The risk is if they’re not able to secure the land, then they could potentially become displaced,” Hebron said.
Willerer told BridgeDetroit that “everything would be a lot more productive” if the urban farm is able to gain ownership of the additional parcels of land.
Although they have a robust farm now, Willerer said ownership of the land will enable Brother Nature to really promote local food in Detroit by producing larger quantities and more varieties of food and reducing the amount of produce Detroit has to import. Another big plus of owning the land is that it makes the farm eligible for various U.S. Department of Agriculture services and grants.
With the land under the farm’s ownership, Willerer and Hubert would be able to extend their growing season several months by building more hoop houses and greenhouses that create warmer temperatures. They would plant black locust trees along the perimeter of some of the lots for “coppicing,” a forestry technique where wood is harvested from live trees.
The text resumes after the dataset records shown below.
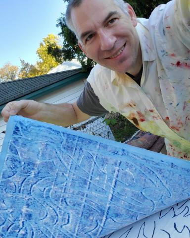 Benjamin has exhibited his works in solo, juried, and group exhibitions and is an instructor at the Elmhurst Art Museum and DuPage Art League. In the summer of 2021, he took part in a public exhibition with the Illinois State Museum called “Lockport Ducks” in which he decorated a 3 foot tall fiberglass duck and they were on display throughout downtown Lockport (his was outside of the Vegan Café, to view, vist www.lockportducks.com). He has won awards for his artwork and currently, thru March 18, 2022, Benjamin has 63 prints at the Wadsworth Family Gallery at Lewis University (One University Parkway, Romeoville, IL 60446). You can view his website at www.benjamincalvert.com.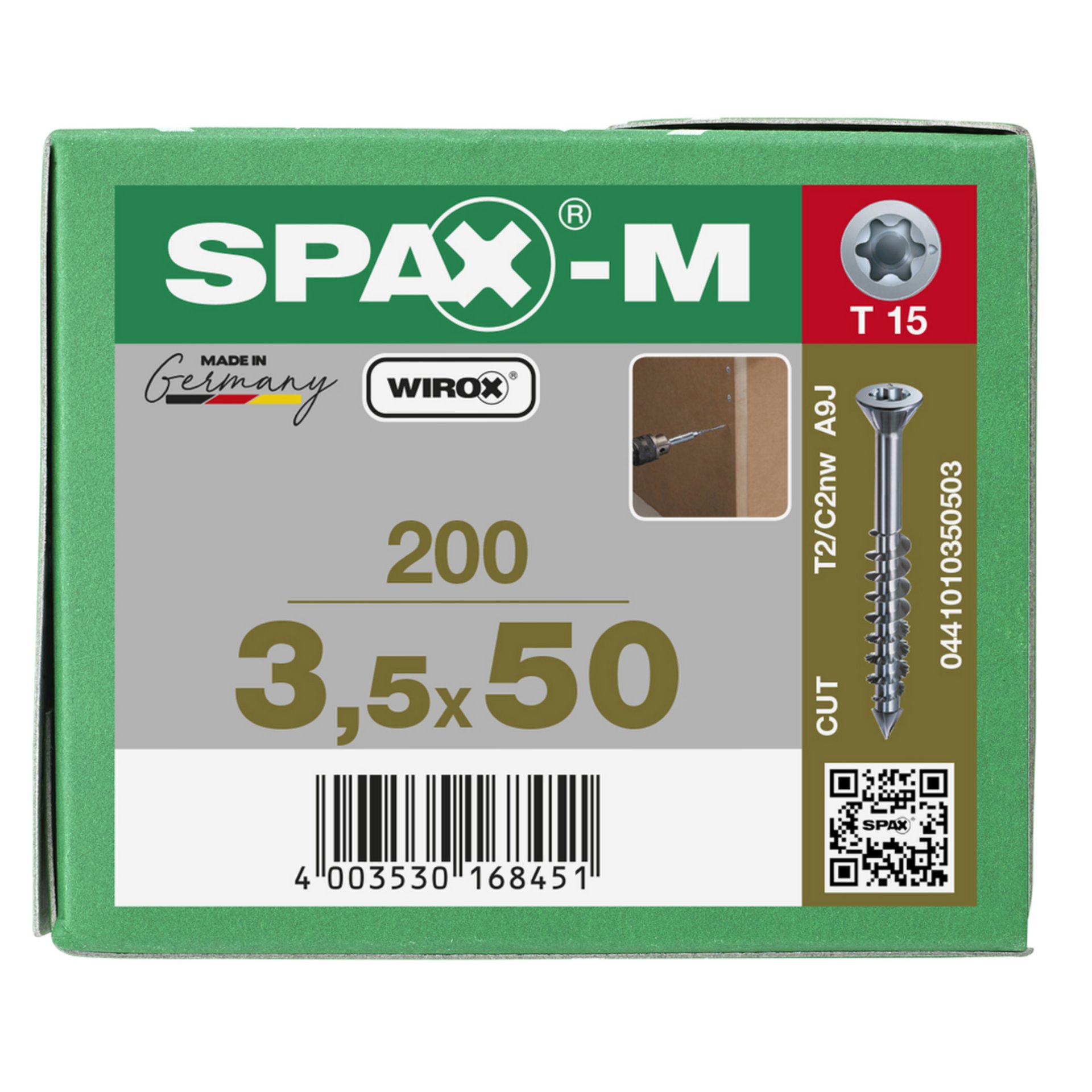 Spax Schrauben M Torx MDF 3,5X50 T15 Senkkopf hell verzinkt 200Stk 441010350503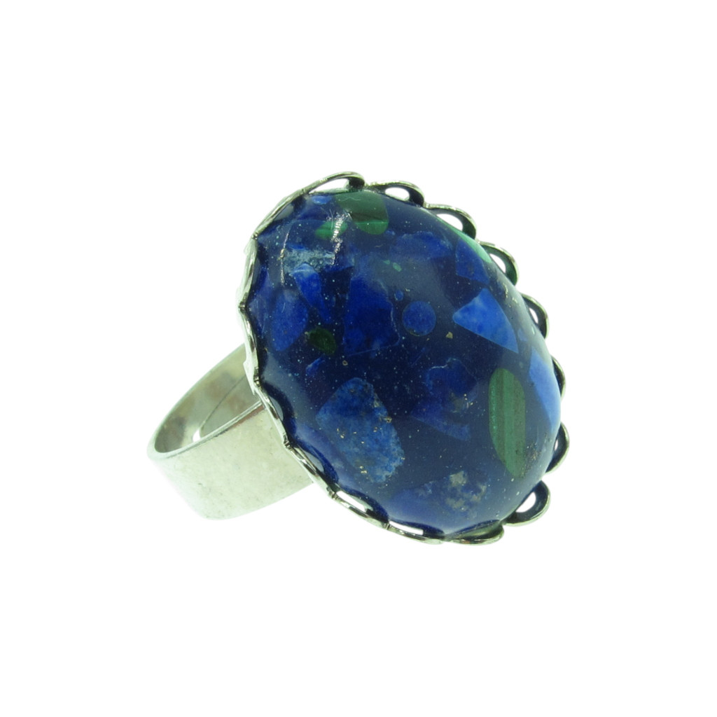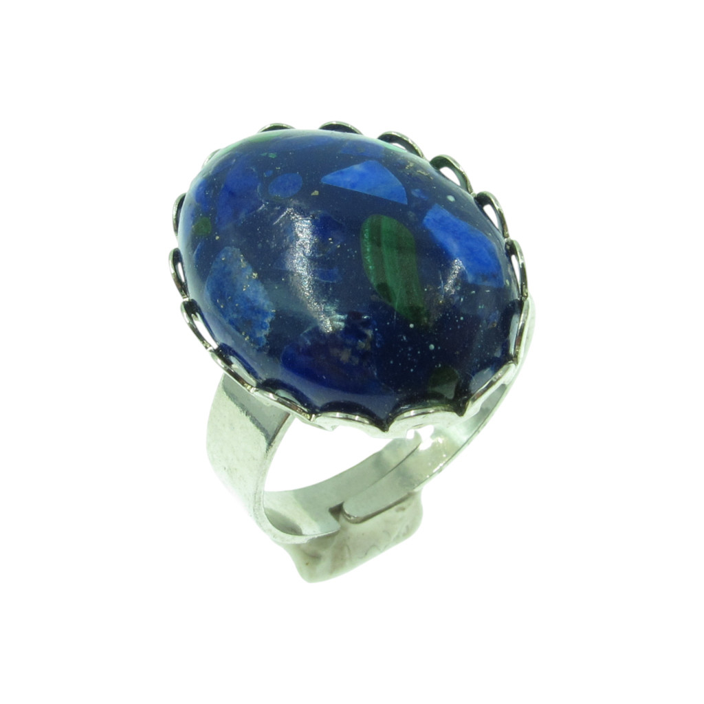 Természetes azurit–malachit köves állítható méretű gyűrű

And the now 20-tree fruit orchard would be expanded throughout the farm, with a fruit tree planted every 15 feet along the sidewalk. Through all the expansion goals, they said they hope to employ even more Detroiters with good-paying jobs, while creating a self-sustaining farm and community.
Brother Nature has been trying to buy land surrounding the farm since before Detroit’s land bank formed in 2010, when vacant lots were sold through the city’s real estate department. For years, Willerer said, he and other farmers would go to the real estate office and fill out applications to buy land, but were unsuccessful.
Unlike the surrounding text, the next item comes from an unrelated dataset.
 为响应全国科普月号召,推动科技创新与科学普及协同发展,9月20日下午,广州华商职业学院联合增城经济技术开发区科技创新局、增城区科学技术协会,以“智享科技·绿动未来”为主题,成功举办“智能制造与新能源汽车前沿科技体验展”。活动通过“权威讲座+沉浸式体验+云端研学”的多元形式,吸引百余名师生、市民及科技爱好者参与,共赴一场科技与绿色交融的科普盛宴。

“The city didn’t really want to sell to farmers,” he said.
Like Brother Nature, other farmers in Detroit have expressed trouble at purchasing land over the years, including Mark Covington at Georgia Street Community Collective, Hebron at Oakland Avenue Urban Farm, and Erin Cole of Nurturing Our Seeds. Farmers say that the process has been confusing at times and opaque, and in some cases farmers argue that they were denied because their farms didn’t fit in with the city’s development vision.
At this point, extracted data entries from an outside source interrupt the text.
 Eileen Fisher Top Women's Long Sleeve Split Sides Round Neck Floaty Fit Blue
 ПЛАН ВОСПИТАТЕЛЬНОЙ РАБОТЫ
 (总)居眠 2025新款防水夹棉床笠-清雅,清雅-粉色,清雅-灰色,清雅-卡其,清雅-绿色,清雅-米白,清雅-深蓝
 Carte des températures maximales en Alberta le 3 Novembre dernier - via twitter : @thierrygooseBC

“Many of our farmers have experienced any number of issues with the City of Detroit, the Detroit land bank, in terms of land acquisition,” said Hebron, who also co-leads the Detroit Black Farmer Land Fund, an organization created to help Black farmers overcome barriers to purchasing land. Hebron said many Detroit farmers have struggled to buy land, especially prior to 2013, before urban farming was legalized through the city’s urban agriculture ordinance.
After the land bank formed, Brother Nature bought several side lots. The farm requested to buy more lots in 2013, but Willerer said the land bank offered them random lots that the farm wasn’t growing on, including one that had been used as a gravel parking lot, and wasn’t suitable for farming.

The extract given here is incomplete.